Once the pictures are removed, return each record below exactly as written.

## Dataset
BEGIN

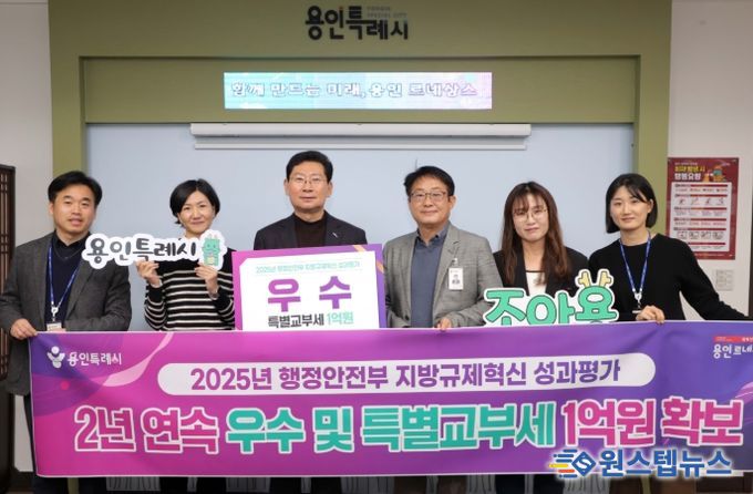 원스텝뉴스 이병희 기자 | 용인특례시는 지난해에 이어 ‘지방규제혁신 성과평가’에서 우수 기관으로 선정돼 특별교부세 1억 원을 확보했다고 16일 밝혔다.
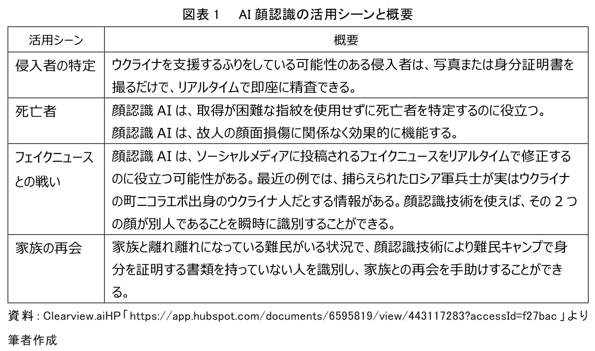 ウクライナで活用されているAI顔認識は、侵入者の特定、死亡者、フェイクニュースとの戦い、家族との再会といった様々な用途に利用が進んでおり、その概要は図表1の通りである。
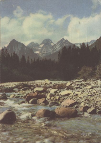 Tatrzański Park Narodowy [Słowacja]. Dolina Żabich Stawów Białczańskich. Od lewej: Młynarz, Wysoka i Niżnie Rysy. Tytuł również w języku: ros., ang., niem.
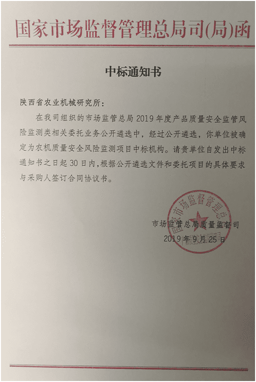 中標(biāo)|陜西省農(nóng)業(yè)機(jī)械研究所將承擔(dān)國(guó)家市場(chǎng)監(jiān)管總局質(zhì)量監(jiān)督司2019年度國(guó)家農(nóng)機(jī)產(chǎn)品質(zhì)量安全監(jiān)管風(fēng)險(xiǎn)監(jiān)測(cè)項(xiàng)目
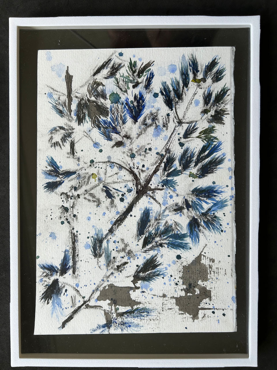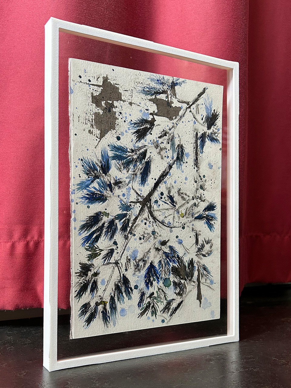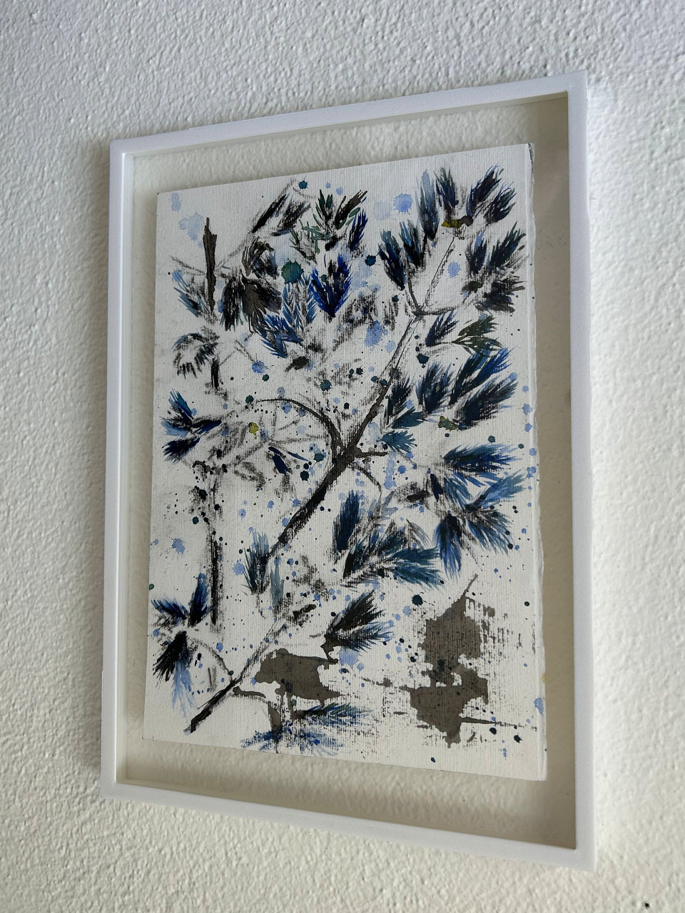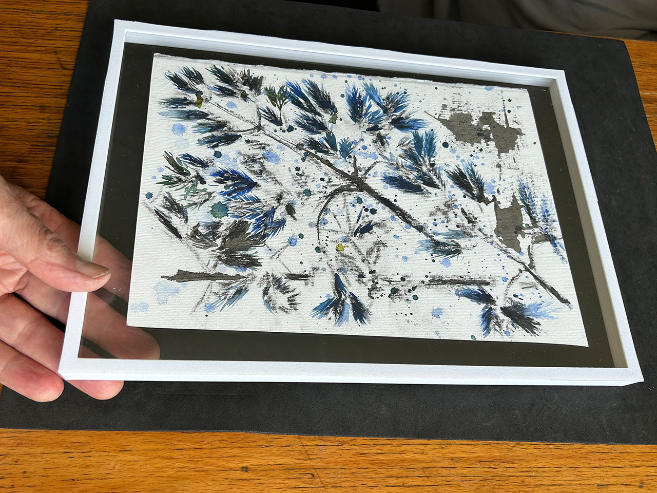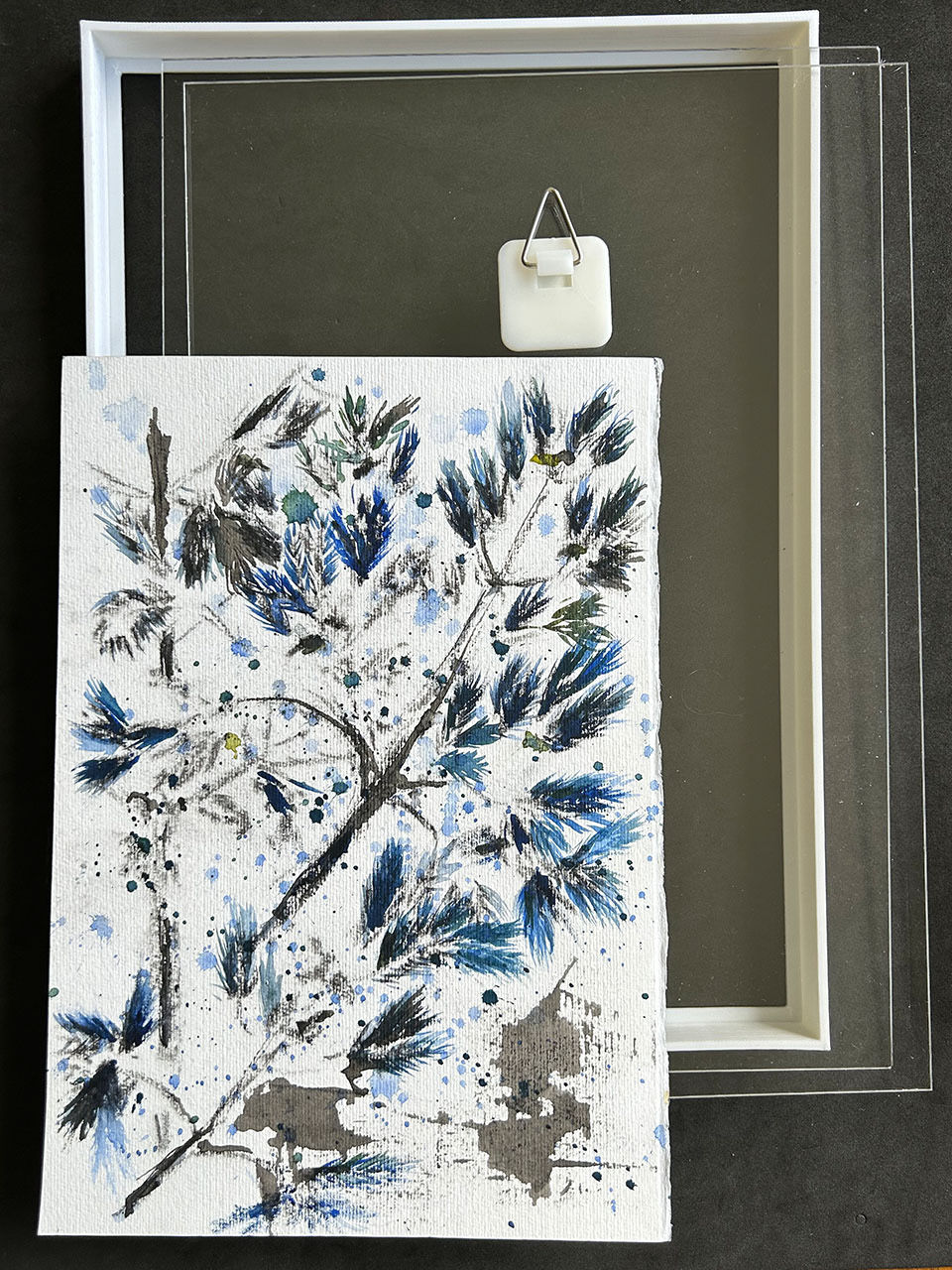 4 parts, included the painting: the frame-white, two acrylics with one triangle hook
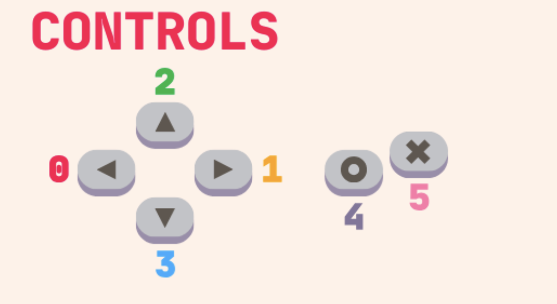 - Die Wörter in TÜRKIS bilden die BEDINGUNG. BTN(0) lässt sich übersetzen als: Button mit der zugewiesenen Nummer 0 ist gedrückt worden. Aber warte mal – was hat es mit der „zugewiesenen Nummer 0“ auf sich? Soll sich die Figur nicht nur dann bewegen, wenn man die linke Pfeiltaste drückt, und nicht die Taste 0? In Pico 8 funktioniert das etwas anders. Jede Pfeiltaste sowie Aktionstaste hat eine Zahl zugewiesen bekommen, die wir beim Schreiben der Bedingung „übermitteln“ müssen. Du kannst die Zuordnung auf dem folgenden Bild sehen:
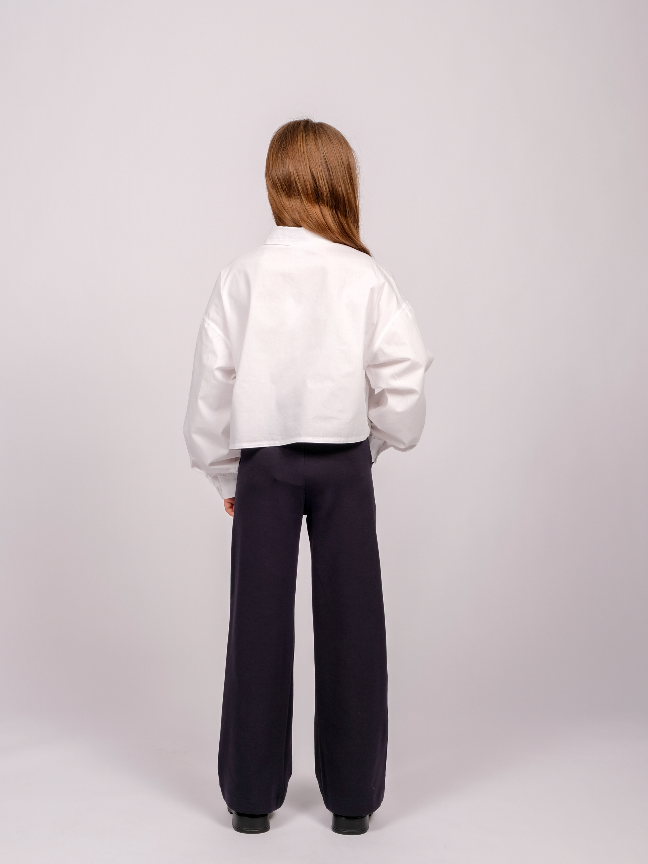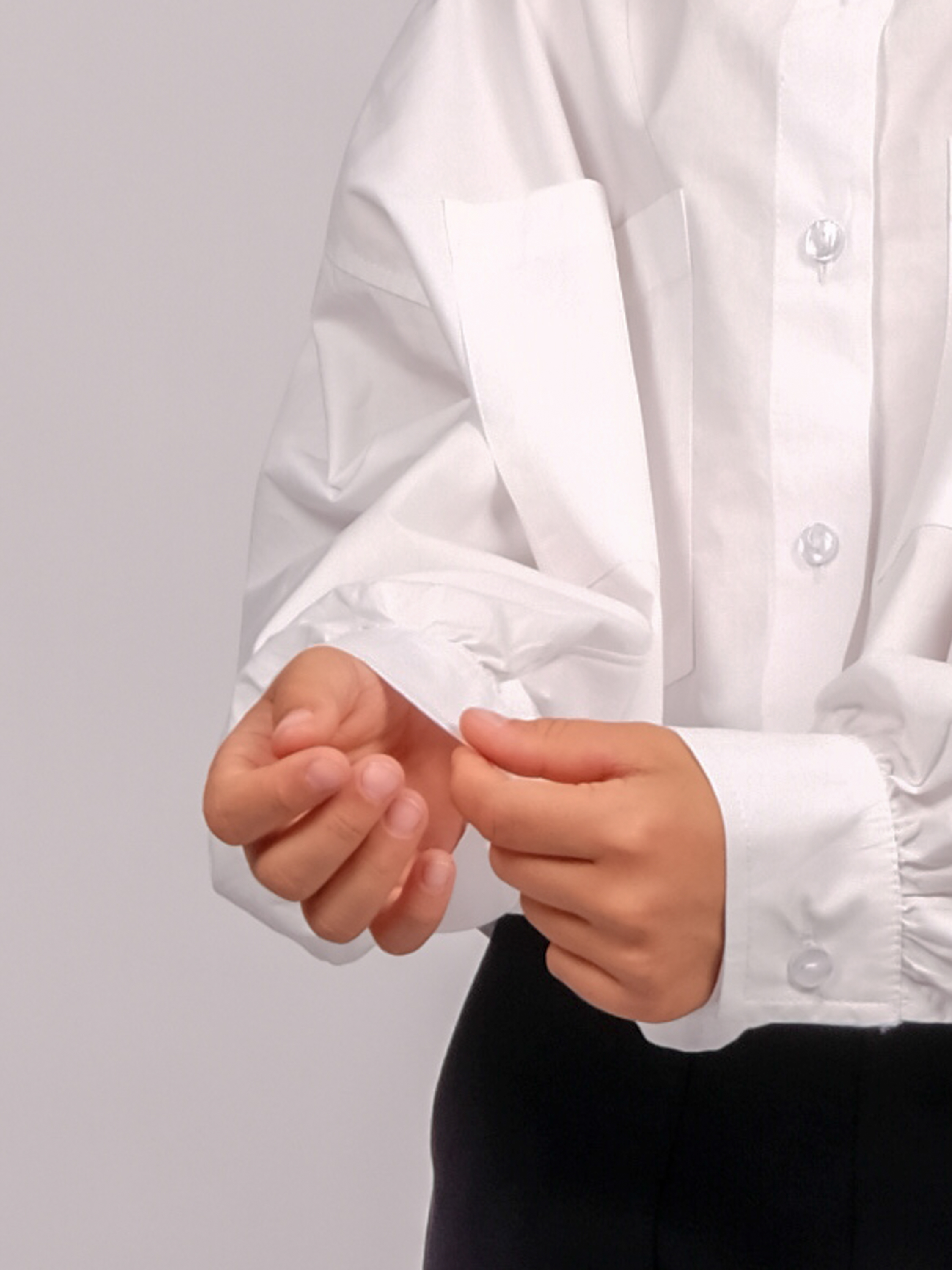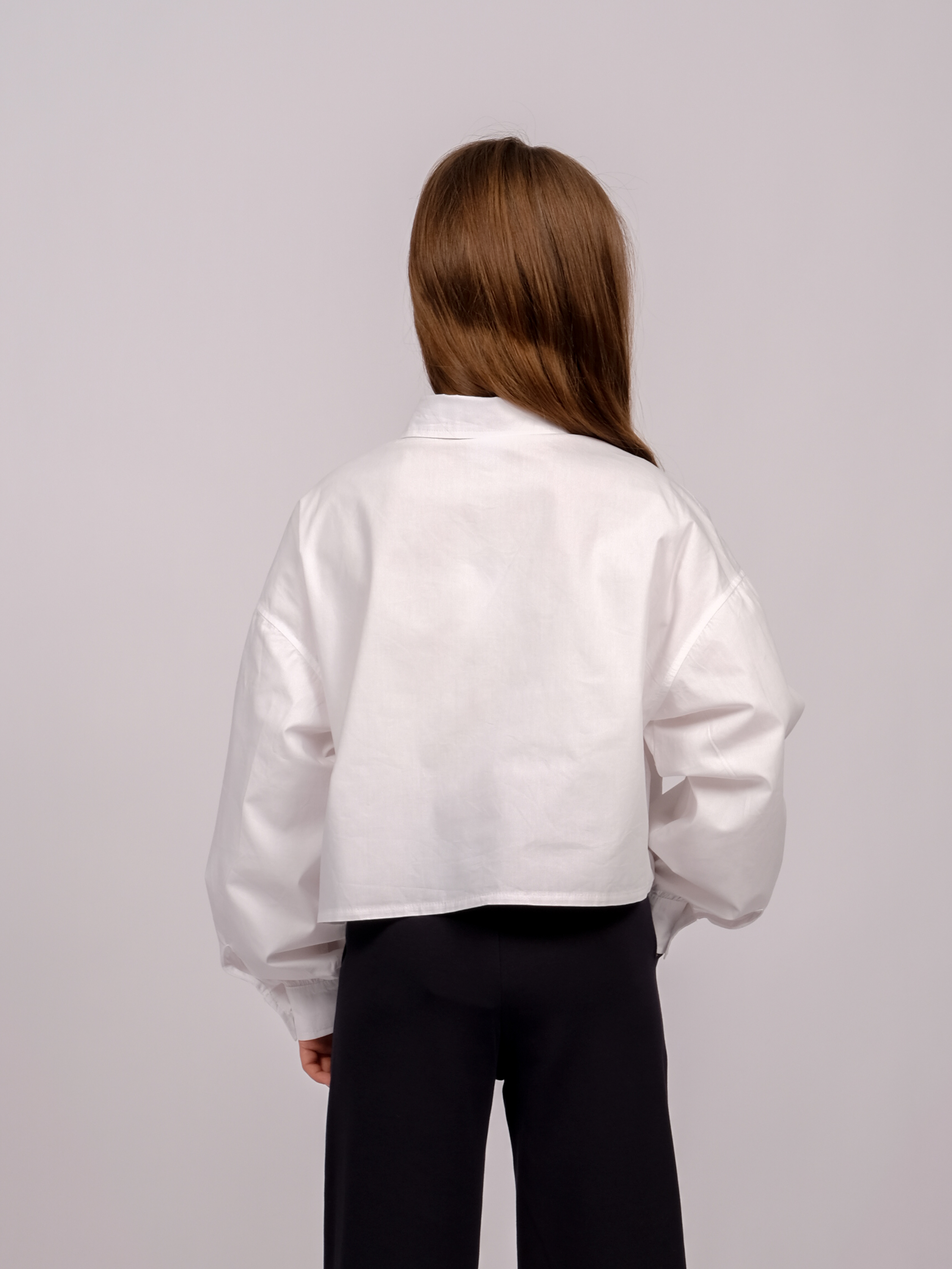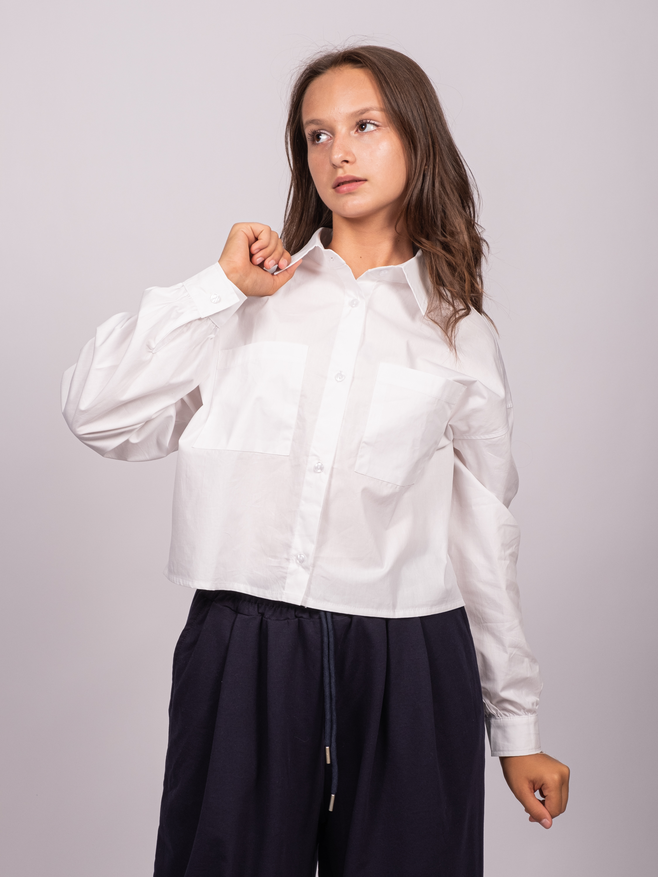 Укороченная рубашка для девочки оптом. Модель объемная, прямого кроя, застегивается на пуговицы, рукава с манжетами, на груди два накладных кармана.

END

## Response to this task
 원스텝뉴스 이병희 기자 | 용인특례시는 지난해에 이어 ‘지방규제혁신 성과평가’에서 우수 기관으로 선정돼 특별교부세 1억 원을 확보했다고 16일 밝혔다.
 ウクライナで活用されているAI顔認識は、侵入者の特定、死亡者、フェイクニュースとの戦い、家族との再会といった様々な用途に利用が進んでおり、その概要は図表1の通りである。
 Tatrzański Park Narodowy [Słowacja]. Dolina Żabich Stawów Białczańskich. Od lewej: Młynarz, Wysoka i Niżnie Rysy. Tytuł również w języku: ros., ang., niem.
 中標(biāo)|陜西省農(nóng)業(yè)機(jī)械研究所將承擔(dān)國(guó)家市場(chǎng)監(jiān)管總局質(zhì)量監(jiān)督司2019年度國(guó)家農(nóng)機(jī)產(chǎn)品質(zhì)量安全監(jiān)管風(fēng)險(xiǎn)監(jiān)測(cè)項(xiàng)目
 4 parts, included the painting: the frame-white, two acrylics with one triangle hook
 - Die Wörter in TÜRKIS bilden die BEDINGUNG. BTN(0) lässt sich übersetzen als: Button mit der zugewiesenen Nummer 0 ist gedrückt worden. Aber warte mal – was hat es mit der „zugewiesenen Nummer 0“ auf sich? Soll sich die Figur nicht nur dann bewegen, wenn man die linke Pfeiltaste drückt, und nicht die Taste 0? In Pico 8 funktioniert das etwas anders. Jede Pfeiltaste sowie Aktionstaste hat eine Zahl zugewiesen bekommen, die wir beim Schreiben der Bedingung „übermitteln“ müssen. Du kannst die Zuordnung auf dem folgenden Bild sehen:
 Укороченная рубашка для девочки оптом. Модель объемная, прямого кроя, застегивается на пуговицы, рукава с манжетами, на груди два накладных кармана.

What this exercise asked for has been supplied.